Way back in very early 2015, Toyota's chief designer for the Tacoma made a very interesting statement that went unnoticed by most of the motor press. Automobile Magazine asked Mike Sweers how his new 2016 Tacoma design could "grow sales." Sweers' answer was that nothing he could do with the design could grow sales since Toyota's Tacoma production capacity was at its maximum level. At that time, that meant roughly 12,000 to 14,000 Tacomas per month on average.

Sweers' co-workers knew what the press rarely mentions in stories about the midsize truck market when they report "Sales of X vs. Y." That the midsize truck market was not limited by competition, but production capacity. Toyota, Chevy, GMC, and Nissan sell all the trucks they can push out the door each month. It's not a diesel engine, or a manual transmission, or ground clearance that is making one more popular than its peers, it's production line space.

Toyota got to work on the problem. First, every existing shift was maximized. Next, Toyota began to shift work from place to place to make a few more trucks by scavenging line hours here and there where possible. The Tundra is made in the same plants, so Toyota had to balance the larger truck's production as well. At one point a major storm closed the Tacoma factory. In the end Toyota found more capacity to boost sales to about 18,000 units per month.

Obviously, adding more capacity would be the best way to increase sales, but that also brings hard choices and capital investment decisions. Toyota decided to add capacity to its Mexican Tacoma plant in late 2016. That move has now started to bear fruit.
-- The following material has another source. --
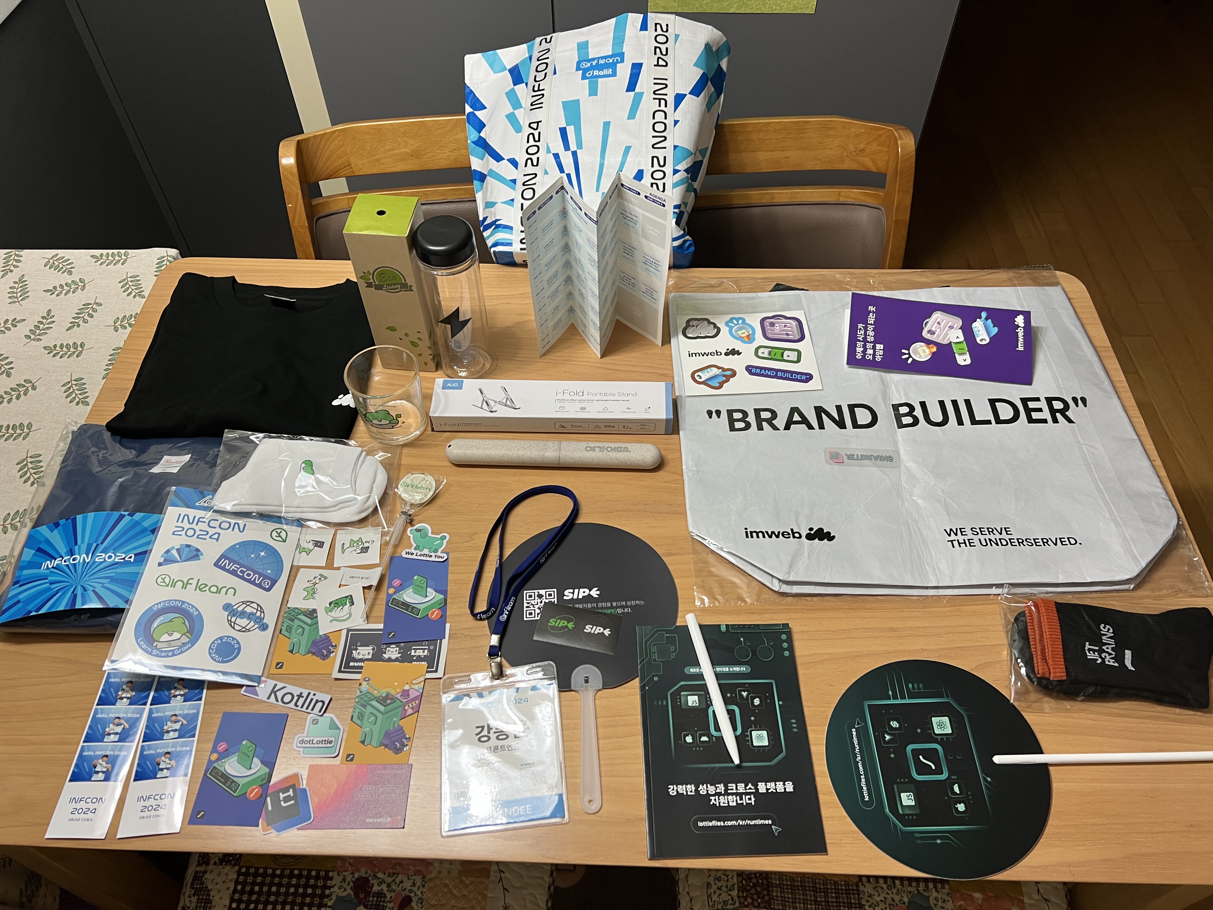 한 보따리 싸들고 집으로 돌아와서 다 풀어보니 정말 많은 굿즈들을 받았었다 ㅎㅎ 티켓 값이 22,000원이었는데 그 이상의 굿즈들, 지식 공유들을 받아왔다. 기회가 된다면 정말 꼭 2025년 인프콘도 참여하고 싶다. 그리고 훗날 인프콘의 스피커로서 컨퍼런스를 참여해보고 싶다...!! 너무나 감사하고 즐거웠던 시간이었습니다~

This month, the Tacoma plants were able to produce enough Tacomas for its dealers to sell over 20,000 units. That is nearly double what its main competitors can individually produce. Don't assume that Toyota will restrict Tacoma's volume for political reasons. In July of 1986 Toyota built and sold 38,233 Tacomas.

Toyota's Tacoma sales are still red hot and the production capacity expansions are still underway. The biggest move is yet to come and could double Toyota's capacity for this top-selling vehicle just in time to meet the new Ford Ranger head-on.